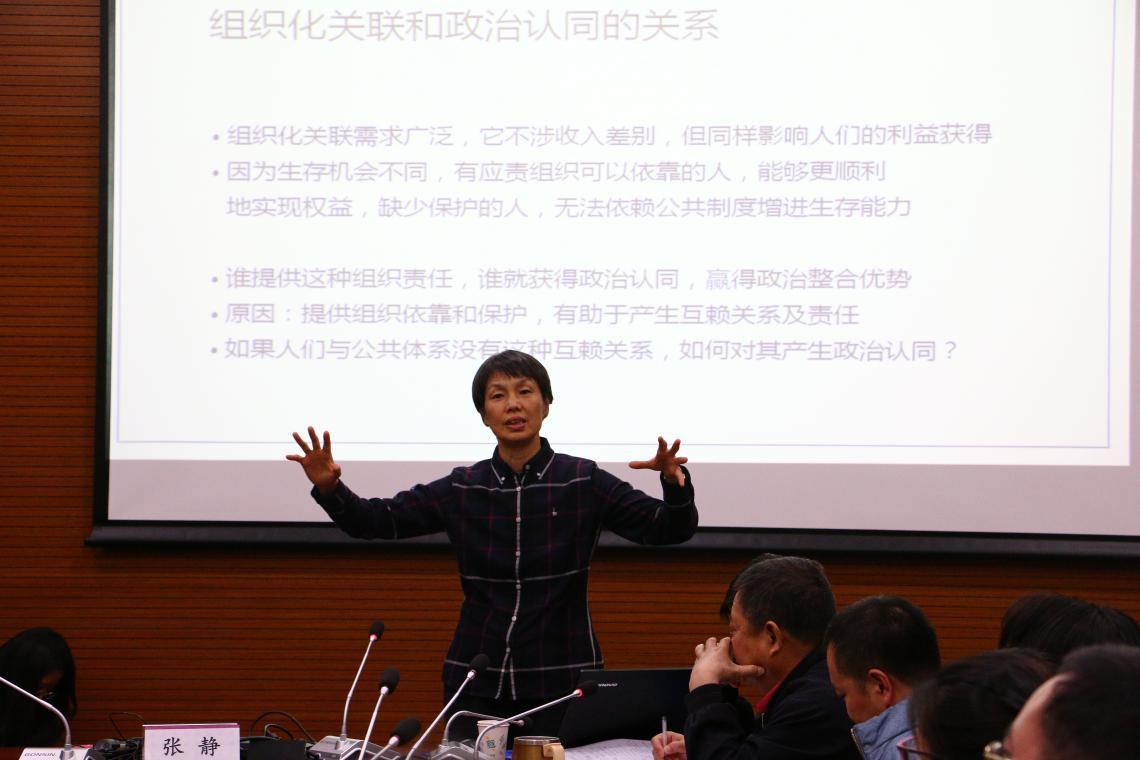 她指出,来自社会变迁的挑战,使得曾经有效的个人和公共体制的常规关联出现较大规模的中断。因此,基层组织平衡利益的机制逐渐式微,制度化传递通道逐渐消失,“激励”了社会情绪积累转化为政治问题。最后,张静教授转向经验现象背后的理论问题,指出社会组织化结构通过构造成员身份、组织囊括、结构可及性三种方式影响人们的生存利益,并进一步阐述了组织化关联与政治认同的关系。
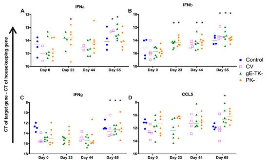 Interferon and CCL5 mRNA expression in whole blood samples: IFNα (A); IFNβ (B); IFNγ (C); CCL5 (D). The line is the median of CT values for each group corrected by a housekeeping gene (GAPDH) and individual symbols represent corrected CT values for individual cats. * represents a significant difference (p < 0.05) from the same group from day 0. CV: Commercial vaccine group. Time points of vaccinations were on days 0, 21 and 42 for the gE-TK- and PK- vaccinates and on days 21 and 42 for the commercial vaccine group.
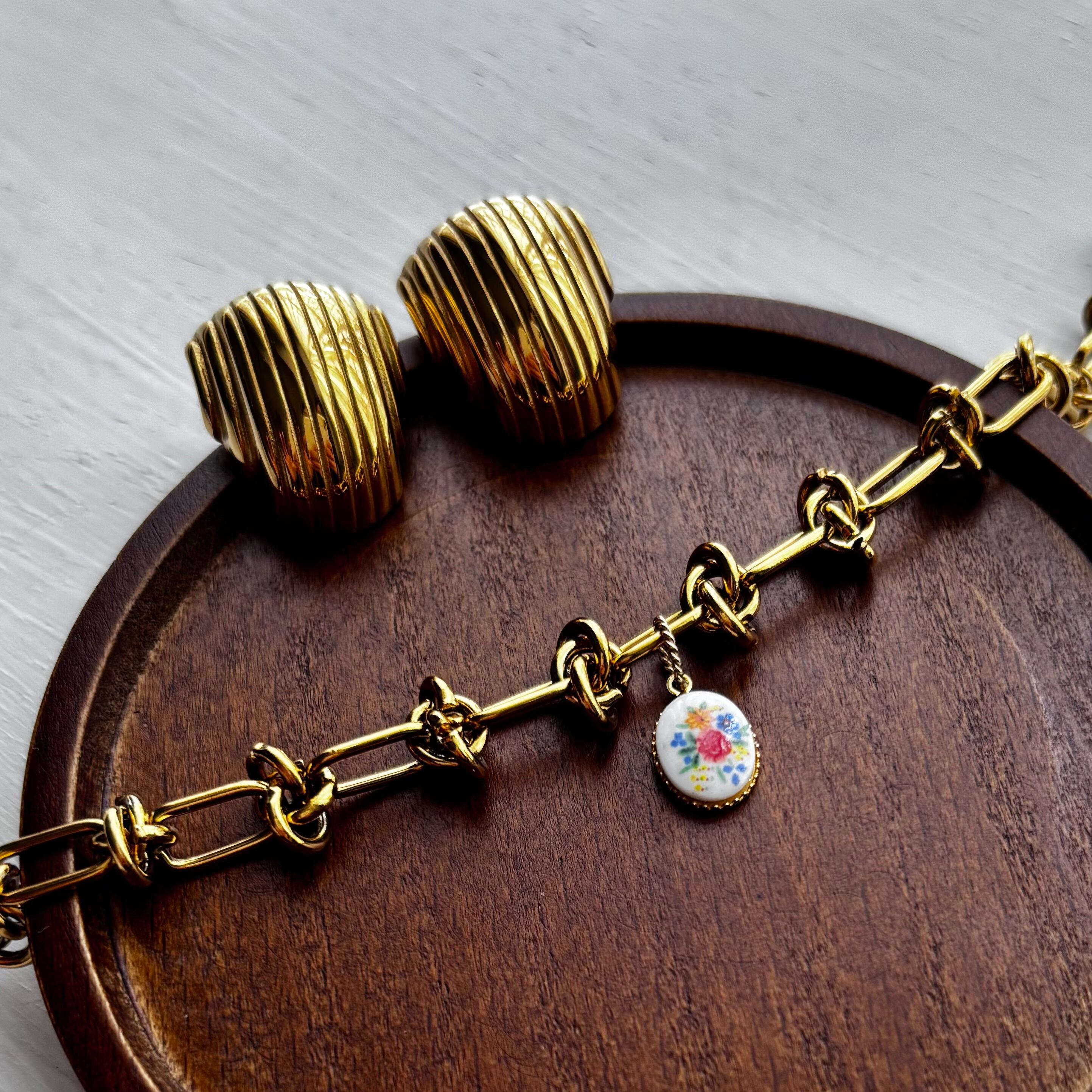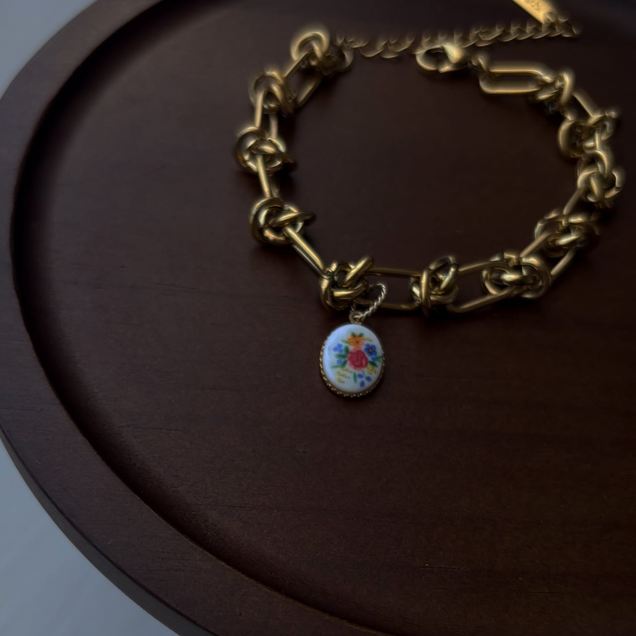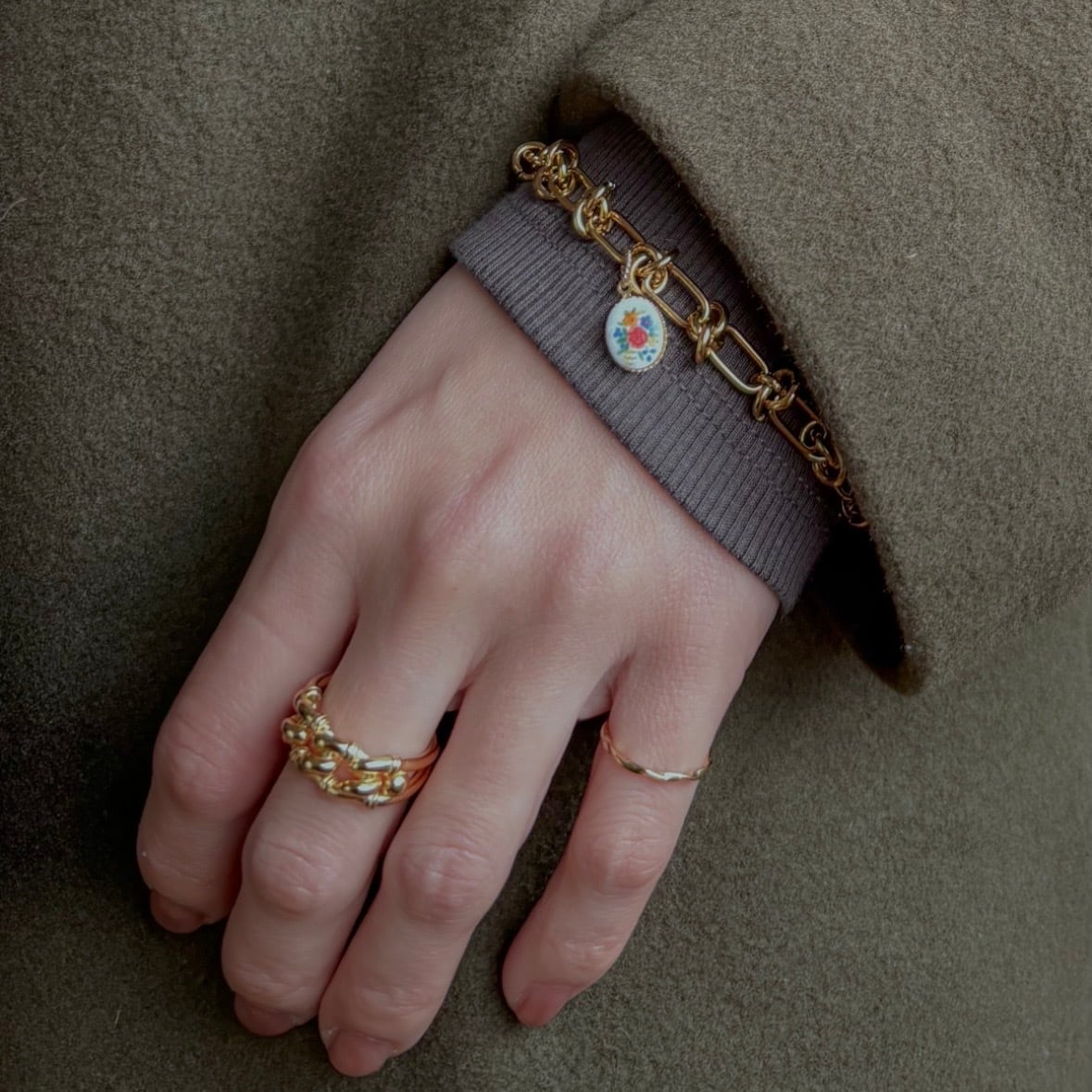 現代的なデザインとヴィンテージの風合いが融合した魅力的なチェーンブレスレット。ヨーロッパから輸入された貴重なパーツを使用し、視界に入るたびに特別感を感じられるアイテムです。

**Task item**: Give again, word for word, the lines above from the first one through the one containing "Interferon and CCL5"; no pictures.

**Reply**:
 她指出,来自社会变迁的挑战,使得曾经有效的个人和公共体制的常规关联出现较大规模的中断。因此,基层组织平衡利益的机制逐渐式微,制度化传递通道逐渐消失,“激励”了社会情绪积累转化为政治问题。最后,张静教授转向经验现象背后的理论问题,指出社会组织化结构通过构造成员身份、组织囊括、结构可及性三种方式影响人们的生存利益,并进一步阐述了组织化关联与政治认同的关系。
 Interferon and CCL5 mRNA expression in whole blood samples: IFNα (A); IFNβ (B); IFNγ (C); CCL5 (D). The line is the median of CT values for each group corrected by a housekeeping gene (GAPDH) and individual symbols represent corrected CT values for individual cats. * represents a significant difference (p < 0.05) from the same group from day 0. CV: Commercial vaccine group. Time points of vaccinations were on days 0, 21 and 42 for the gE-TK- and PK- vaccinates and on days 21 and 42 for the commercial vaccine group.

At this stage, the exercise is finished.